WHAT THE TASK ASKS
All that is needed is the lines from the one containing "近くに設置された案内板では、片貝川をくぐって水が送られる仕組みを説明している" through the end of the listing, printed exactly, with no pictures among them.

MATERIAL SUPPLIED
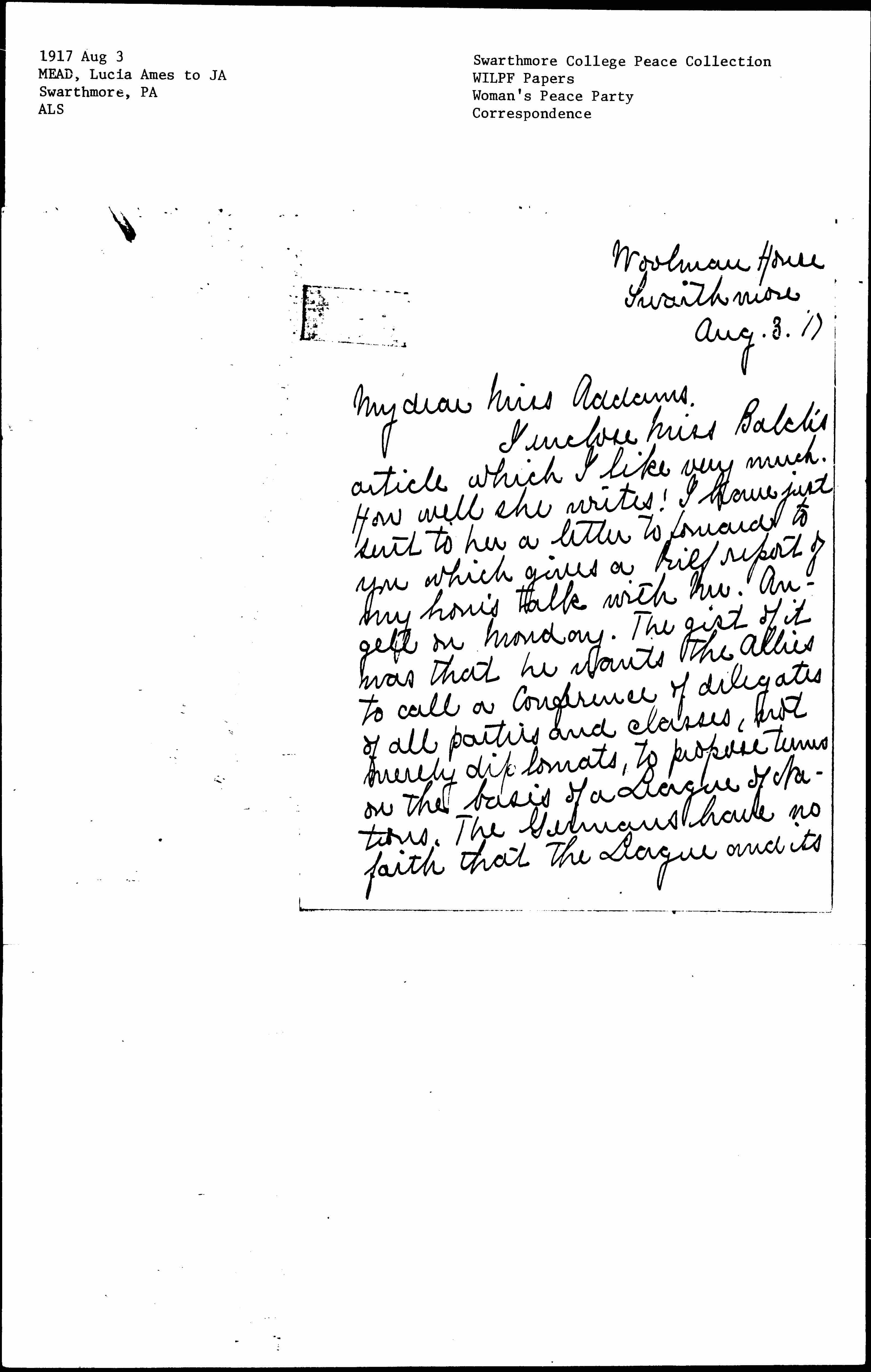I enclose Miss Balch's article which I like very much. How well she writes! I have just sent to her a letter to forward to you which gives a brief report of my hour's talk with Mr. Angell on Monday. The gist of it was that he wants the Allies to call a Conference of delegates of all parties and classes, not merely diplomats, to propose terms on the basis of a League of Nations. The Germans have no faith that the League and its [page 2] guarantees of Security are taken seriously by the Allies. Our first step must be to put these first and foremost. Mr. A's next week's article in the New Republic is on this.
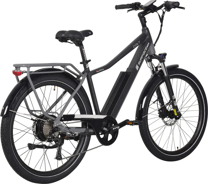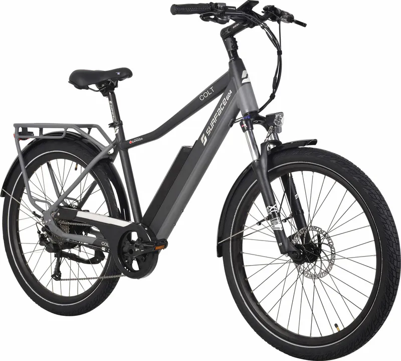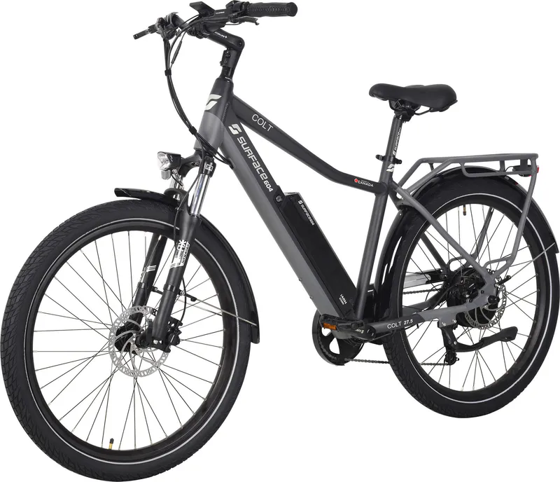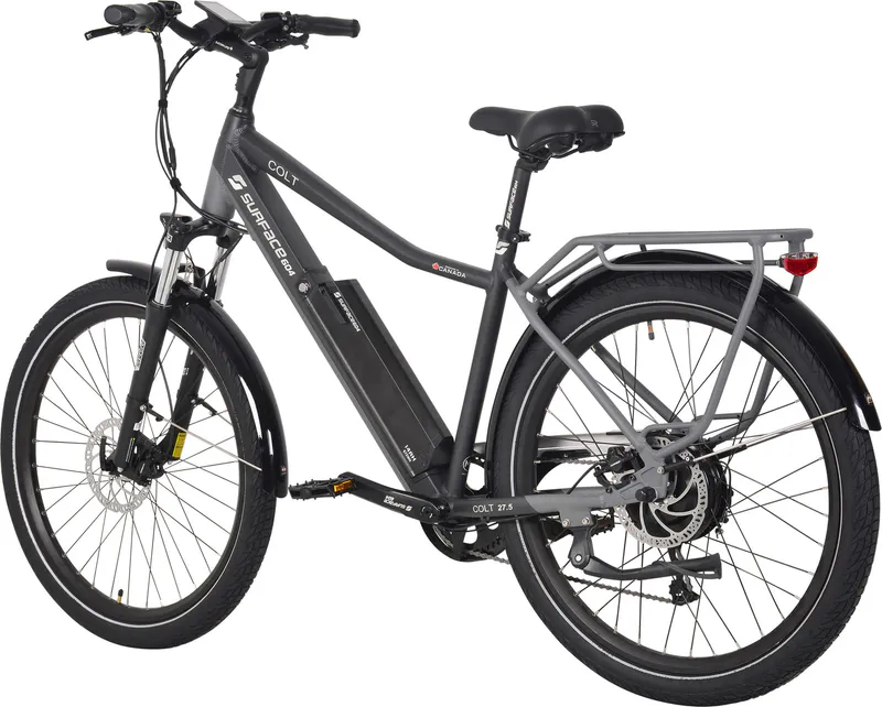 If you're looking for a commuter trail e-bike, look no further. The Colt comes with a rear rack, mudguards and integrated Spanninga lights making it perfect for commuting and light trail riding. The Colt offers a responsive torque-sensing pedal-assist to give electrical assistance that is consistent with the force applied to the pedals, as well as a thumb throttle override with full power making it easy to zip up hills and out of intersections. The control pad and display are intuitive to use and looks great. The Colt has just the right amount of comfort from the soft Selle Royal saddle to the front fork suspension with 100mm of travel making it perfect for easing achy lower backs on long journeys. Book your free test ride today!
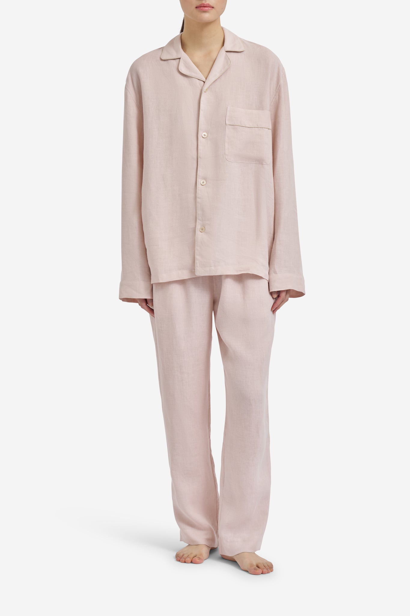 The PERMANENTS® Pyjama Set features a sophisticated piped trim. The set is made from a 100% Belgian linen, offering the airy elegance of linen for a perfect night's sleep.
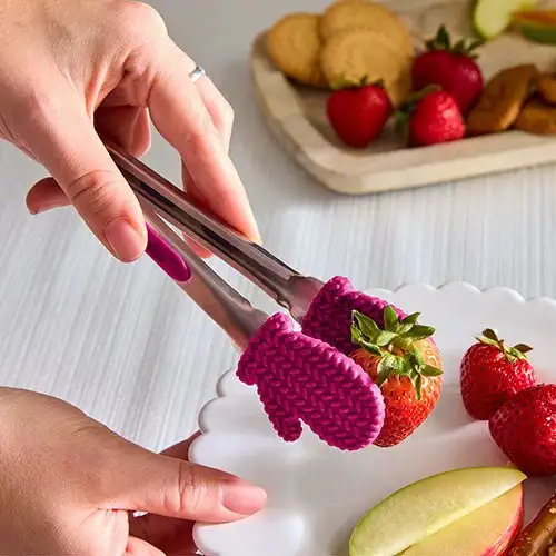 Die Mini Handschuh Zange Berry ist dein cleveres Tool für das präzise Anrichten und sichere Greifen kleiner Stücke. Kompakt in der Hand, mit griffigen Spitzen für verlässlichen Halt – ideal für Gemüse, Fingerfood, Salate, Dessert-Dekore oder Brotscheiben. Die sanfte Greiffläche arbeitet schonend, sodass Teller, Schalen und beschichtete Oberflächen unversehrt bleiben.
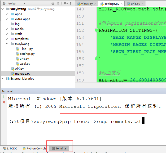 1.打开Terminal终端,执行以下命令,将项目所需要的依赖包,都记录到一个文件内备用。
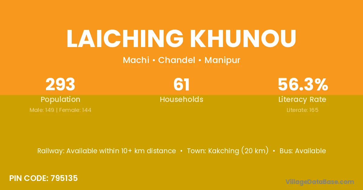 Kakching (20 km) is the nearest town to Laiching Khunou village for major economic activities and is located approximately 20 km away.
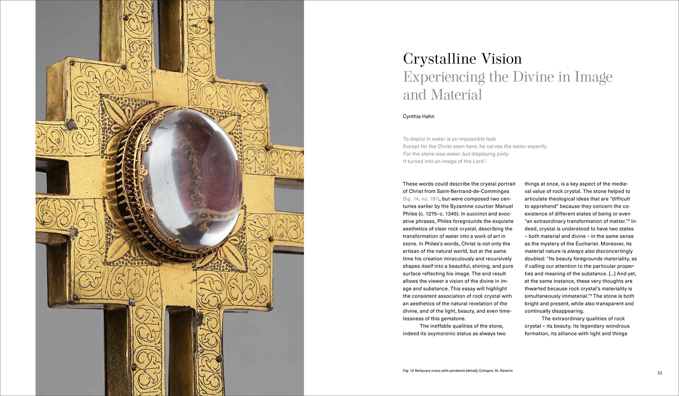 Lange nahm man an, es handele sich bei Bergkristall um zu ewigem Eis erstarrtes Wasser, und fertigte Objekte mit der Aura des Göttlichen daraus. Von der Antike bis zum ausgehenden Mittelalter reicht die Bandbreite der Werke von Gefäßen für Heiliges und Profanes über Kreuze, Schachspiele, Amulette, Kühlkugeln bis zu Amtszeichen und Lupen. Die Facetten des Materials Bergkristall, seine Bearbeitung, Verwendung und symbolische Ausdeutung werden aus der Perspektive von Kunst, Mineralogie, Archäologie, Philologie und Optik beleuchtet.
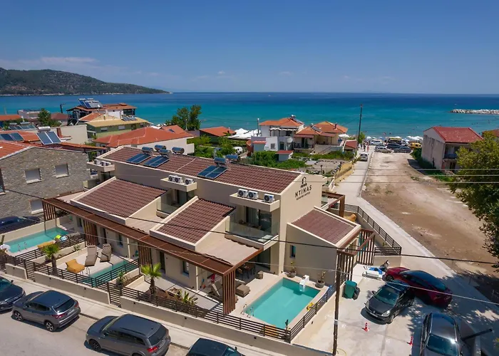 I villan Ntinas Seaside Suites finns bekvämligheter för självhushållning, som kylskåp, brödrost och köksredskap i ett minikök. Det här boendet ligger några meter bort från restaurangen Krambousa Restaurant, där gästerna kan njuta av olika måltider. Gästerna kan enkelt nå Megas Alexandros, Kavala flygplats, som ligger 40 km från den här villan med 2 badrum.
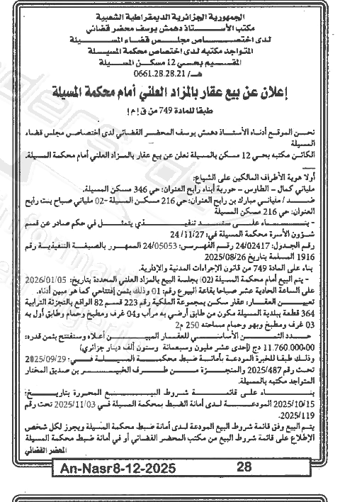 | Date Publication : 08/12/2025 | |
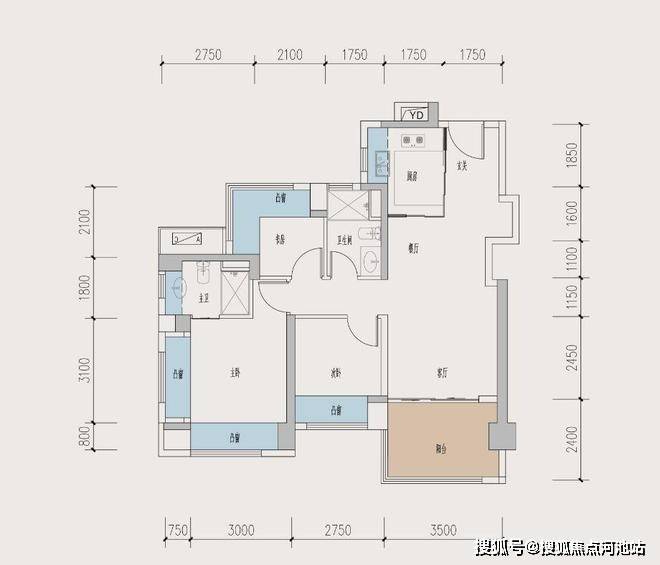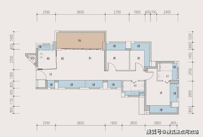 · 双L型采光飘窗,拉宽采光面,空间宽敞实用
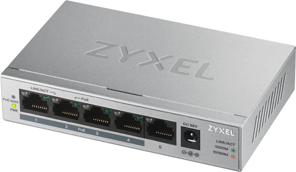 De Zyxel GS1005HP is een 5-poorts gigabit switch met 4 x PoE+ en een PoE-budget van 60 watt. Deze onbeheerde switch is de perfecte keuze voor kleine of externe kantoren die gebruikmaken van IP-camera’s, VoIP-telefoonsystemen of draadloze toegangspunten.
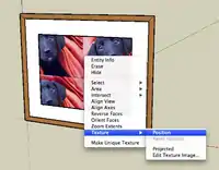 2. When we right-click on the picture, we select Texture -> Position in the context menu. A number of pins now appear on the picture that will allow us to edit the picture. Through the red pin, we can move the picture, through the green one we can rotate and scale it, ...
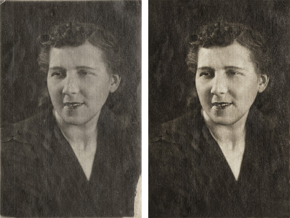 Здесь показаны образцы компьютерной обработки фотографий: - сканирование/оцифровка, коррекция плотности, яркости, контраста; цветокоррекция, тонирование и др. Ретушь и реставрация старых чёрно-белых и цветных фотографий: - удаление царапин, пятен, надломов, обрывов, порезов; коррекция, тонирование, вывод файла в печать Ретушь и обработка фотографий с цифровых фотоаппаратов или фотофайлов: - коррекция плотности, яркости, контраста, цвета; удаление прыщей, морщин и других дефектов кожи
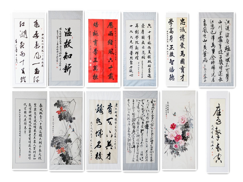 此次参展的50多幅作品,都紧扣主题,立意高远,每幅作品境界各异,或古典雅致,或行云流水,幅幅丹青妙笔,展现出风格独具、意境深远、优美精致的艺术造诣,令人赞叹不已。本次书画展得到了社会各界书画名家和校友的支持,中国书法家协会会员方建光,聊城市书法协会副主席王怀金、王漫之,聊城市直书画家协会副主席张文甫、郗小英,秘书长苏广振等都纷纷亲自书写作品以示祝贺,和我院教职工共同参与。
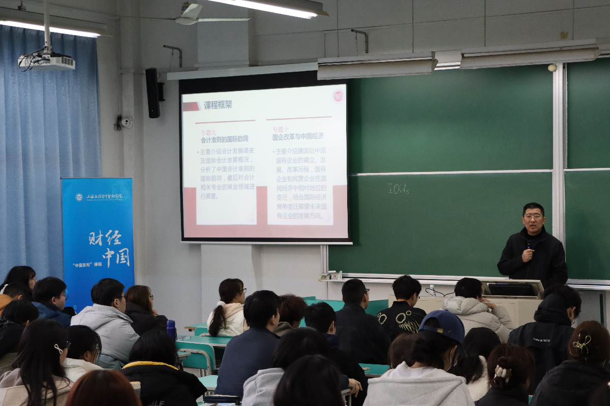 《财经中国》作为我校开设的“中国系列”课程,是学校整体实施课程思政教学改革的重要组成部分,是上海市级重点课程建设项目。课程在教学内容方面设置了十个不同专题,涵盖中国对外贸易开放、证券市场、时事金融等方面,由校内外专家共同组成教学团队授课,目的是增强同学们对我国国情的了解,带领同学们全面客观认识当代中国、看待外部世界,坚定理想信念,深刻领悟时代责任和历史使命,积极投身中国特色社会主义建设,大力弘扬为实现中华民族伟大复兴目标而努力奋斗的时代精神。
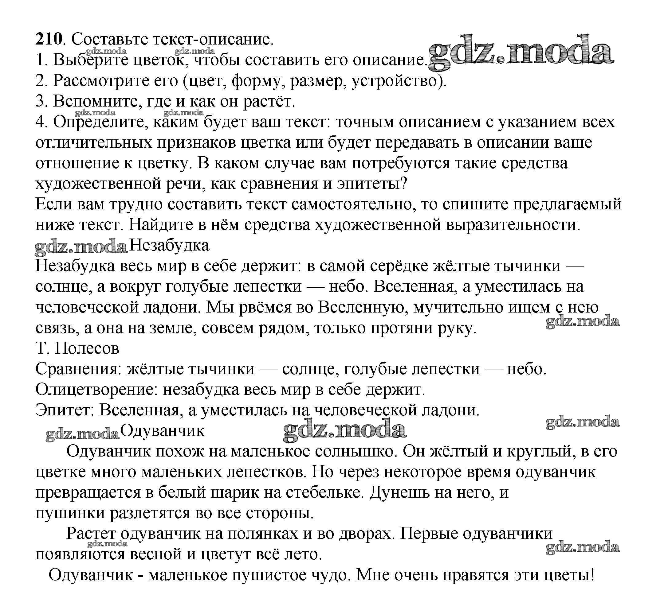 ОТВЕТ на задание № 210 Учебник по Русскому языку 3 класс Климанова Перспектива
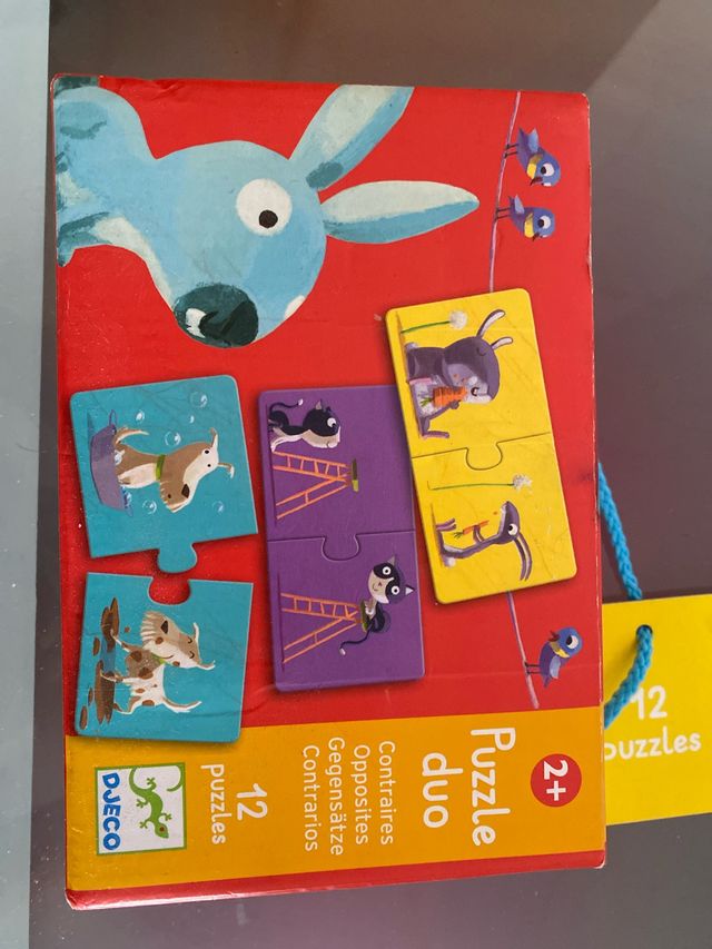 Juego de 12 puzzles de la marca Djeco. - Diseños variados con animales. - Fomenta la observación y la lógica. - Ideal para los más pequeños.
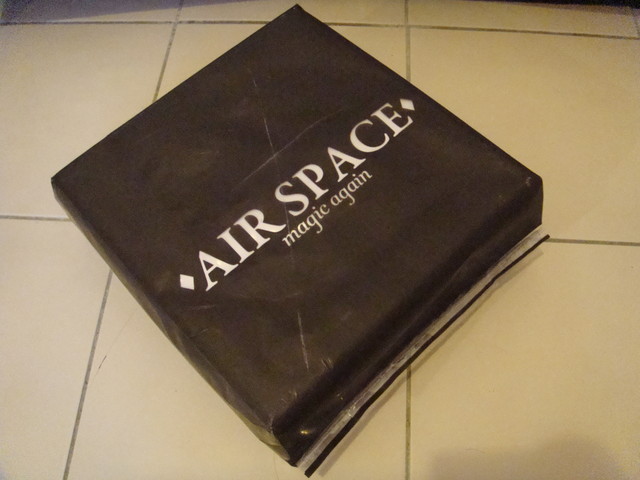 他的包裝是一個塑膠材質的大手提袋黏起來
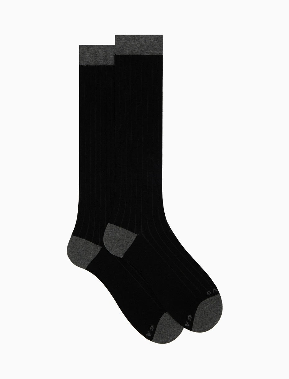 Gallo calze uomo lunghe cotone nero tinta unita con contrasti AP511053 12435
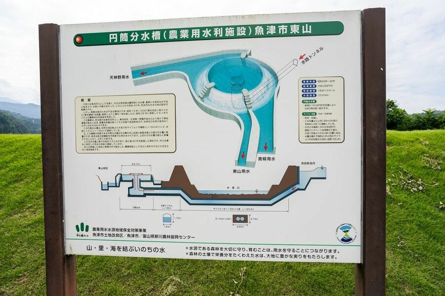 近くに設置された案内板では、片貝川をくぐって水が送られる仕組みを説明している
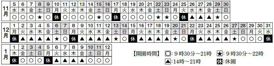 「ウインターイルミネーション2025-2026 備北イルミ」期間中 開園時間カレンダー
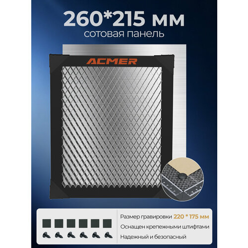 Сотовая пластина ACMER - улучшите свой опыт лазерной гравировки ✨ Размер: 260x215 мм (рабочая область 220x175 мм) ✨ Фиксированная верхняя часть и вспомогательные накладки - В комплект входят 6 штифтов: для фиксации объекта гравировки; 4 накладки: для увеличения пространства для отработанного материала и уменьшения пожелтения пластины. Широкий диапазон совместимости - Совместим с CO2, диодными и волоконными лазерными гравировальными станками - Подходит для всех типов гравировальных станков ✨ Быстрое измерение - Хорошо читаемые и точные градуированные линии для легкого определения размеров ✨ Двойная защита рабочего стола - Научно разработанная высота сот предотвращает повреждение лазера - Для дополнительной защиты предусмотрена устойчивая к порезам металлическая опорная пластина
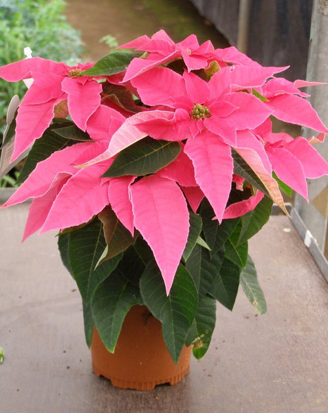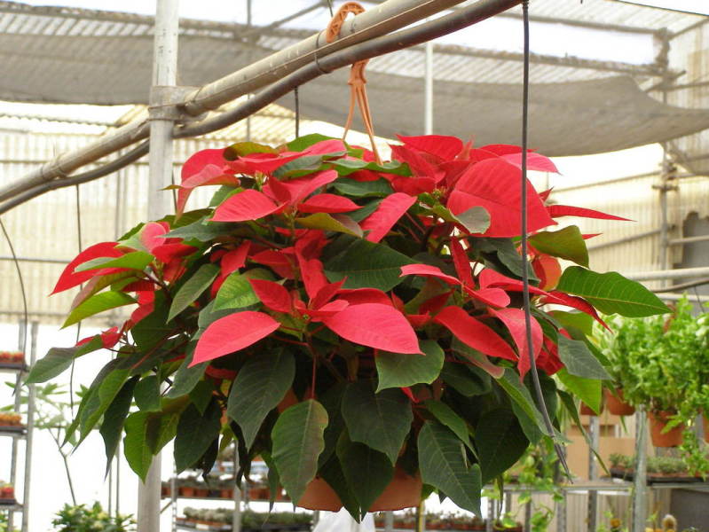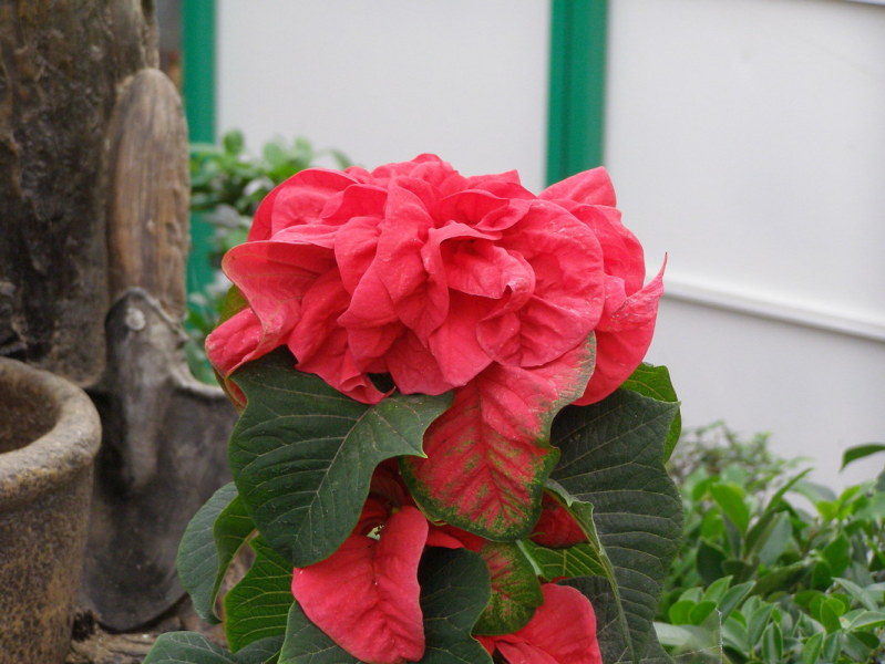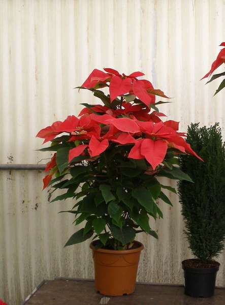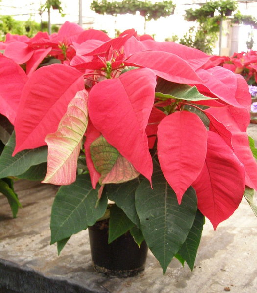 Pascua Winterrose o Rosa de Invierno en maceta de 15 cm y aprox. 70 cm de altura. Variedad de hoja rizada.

EXPECTED OUTPUT
 近くに設置された案内板では、片貝川をくぐって水が送られる仕組みを説明している
 「ウインターイルミネーション2025-2026 備北イルミ」期間中 開園時間カレンダー
 Сотовая пластина ACMER - улучшите свой опыт лазерной гравировки ✨ Размер: 260x215 мм (рабочая область 220x175 мм) ✨ Фиксированная верхняя часть и вспомогательные накладки - В комплект входят 6 штифтов: для фиксации объекта гравировки; 4 накладки: для увеличения пространства для отработанного материала и уменьшения пожелтения пластины. Широкий диапазон совместимости - Совместим с CO2, диодными и волоконными лазерными гравировальными станками - Подходит для всех типов гравировальных станков ✨ Быстрое измерение - Хорошо читаемые и точные градуированные линии для легкого определения размеров ✨ Двойная защита рабочего стола - Научно разработанная высота сот предотвращает повреждение лазера - Для дополнительной защиты предусмотрена устойчивая к порезам металлическая опорная пластина
 Pascua Winterrose o Rosa de Invierno en maceta de 15 cm y aprox. 70 cm de altura. Variedad de hoja rizada.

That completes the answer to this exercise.